**PROBLEM REQUIREMENTS**:
Would you copy the lines below exactly and omit the images?

**SUPPLIED DATA**:

------------

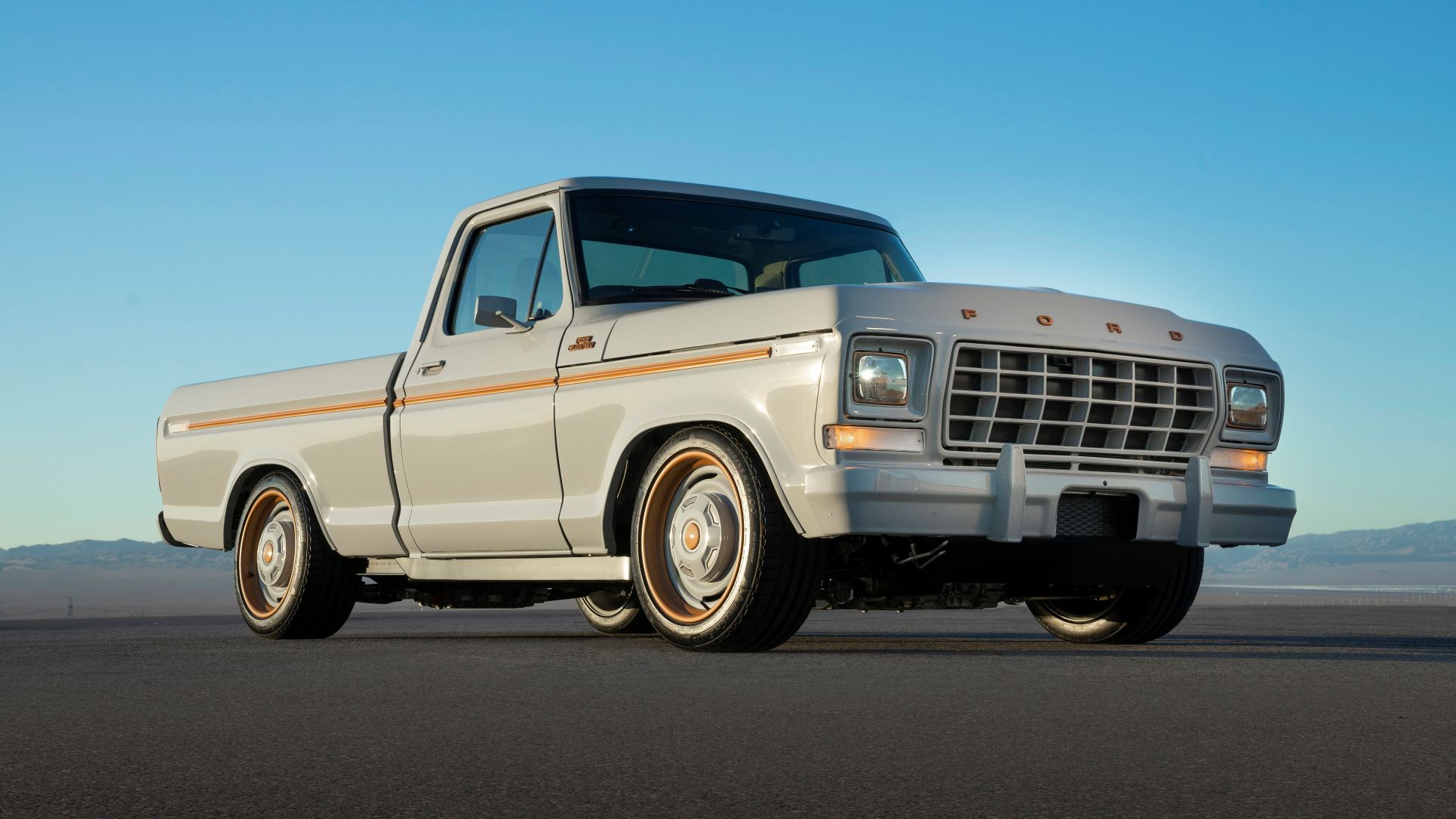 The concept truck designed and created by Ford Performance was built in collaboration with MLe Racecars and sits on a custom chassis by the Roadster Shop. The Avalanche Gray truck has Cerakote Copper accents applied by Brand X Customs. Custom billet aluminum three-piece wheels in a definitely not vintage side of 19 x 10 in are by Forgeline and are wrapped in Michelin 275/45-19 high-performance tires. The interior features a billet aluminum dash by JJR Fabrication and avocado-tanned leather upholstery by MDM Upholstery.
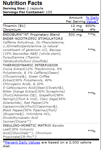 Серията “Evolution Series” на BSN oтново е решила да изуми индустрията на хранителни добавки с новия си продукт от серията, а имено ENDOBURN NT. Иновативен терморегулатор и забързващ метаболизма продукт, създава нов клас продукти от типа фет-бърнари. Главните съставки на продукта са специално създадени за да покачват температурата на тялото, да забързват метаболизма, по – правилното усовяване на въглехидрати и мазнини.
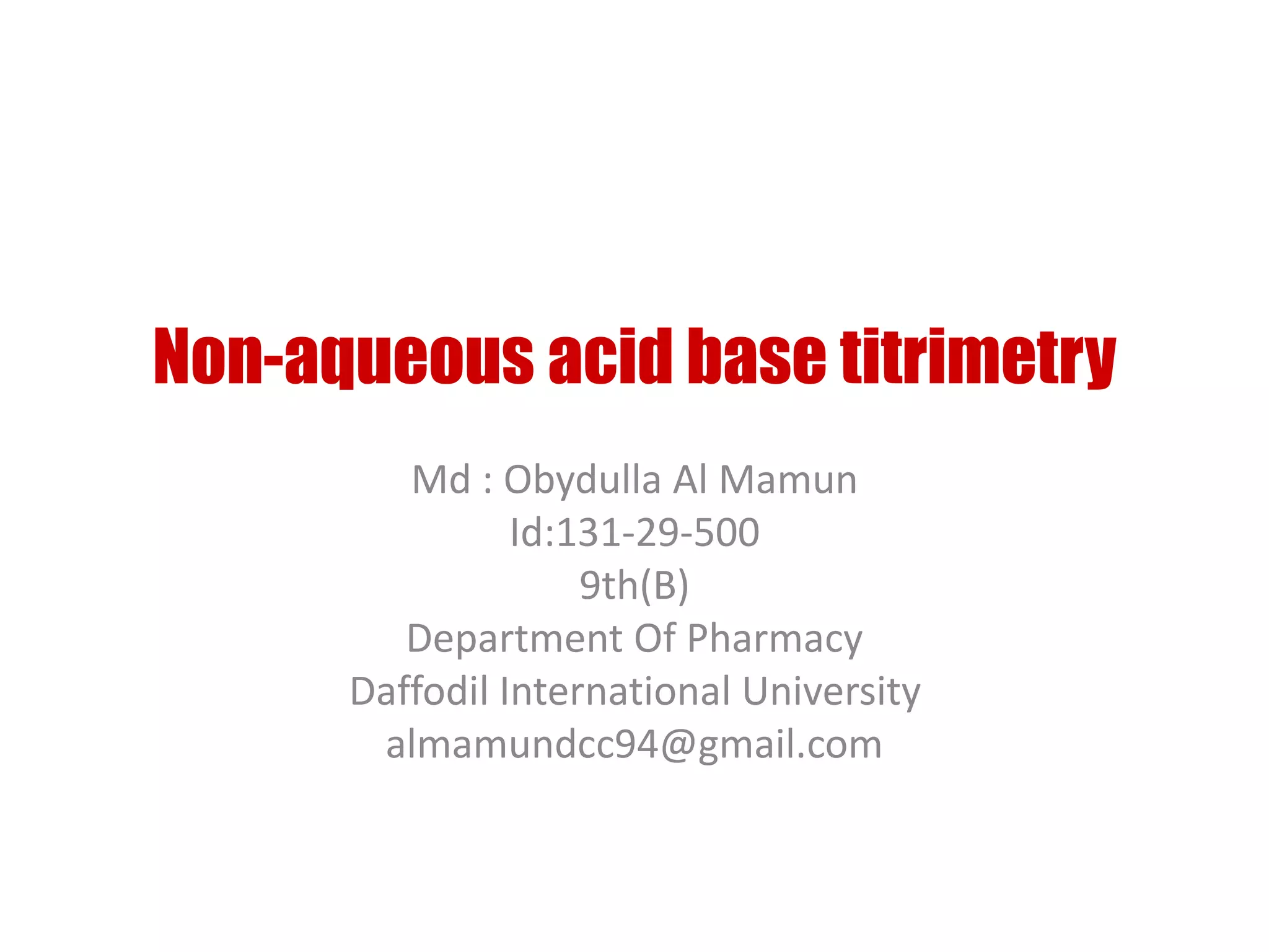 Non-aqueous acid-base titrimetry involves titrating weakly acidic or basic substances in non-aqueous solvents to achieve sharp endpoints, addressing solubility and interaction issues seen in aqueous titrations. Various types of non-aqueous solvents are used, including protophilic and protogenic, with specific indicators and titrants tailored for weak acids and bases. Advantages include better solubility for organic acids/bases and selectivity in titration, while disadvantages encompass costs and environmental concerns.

------------

**OUTPUT BELOW**:
 The concept truck designed and created by Ford Performance was built in collaboration with MLe Racecars and sits on a custom chassis by the Roadster Shop. The Avalanche Gray truck has Cerakote Copper accents applied by Brand X Customs. Custom billet aluminum three-piece wheels in a definitely not vintage side of 19 x 10 in are by Forgeline and are wrapped in Michelin 275/45-19 high-performance tires. The interior features a billet aluminum dash by JJR Fabrication and avocado-tanned leather upholstery by MDM Upholstery.
 Серията “Evolution Series” на BSN oтново е решила да изуми индустрията на хранителни добавки с новия си продукт от серията, а имено ENDOBURN NT. Иновативен терморегулатор и забързващ метаболизма продукт, създава нов клас продукти от типа фет-бърнари. Главните съставки на продукта са специално създадени за да покачват температурата на тялото, да забързват метаболизма, по – правилното усовяване на въглехидрати и мазнини.
 Non-aqueous acid-base titrimetry involves titrating weakly acidic or basic substances in non-aqueous solvents to achieve sharp endpoints, addressing solubility and interaction issues seen in aqueous titrations. Various types of non-aqueous solvents are used, including protophilic and protogenic, with specific indicators and titrants tailored for weak acids and bases. Advantages include better solubility for organic acids/bases and selectivity in titration, while disadvantages encompass costs and environmental concerns.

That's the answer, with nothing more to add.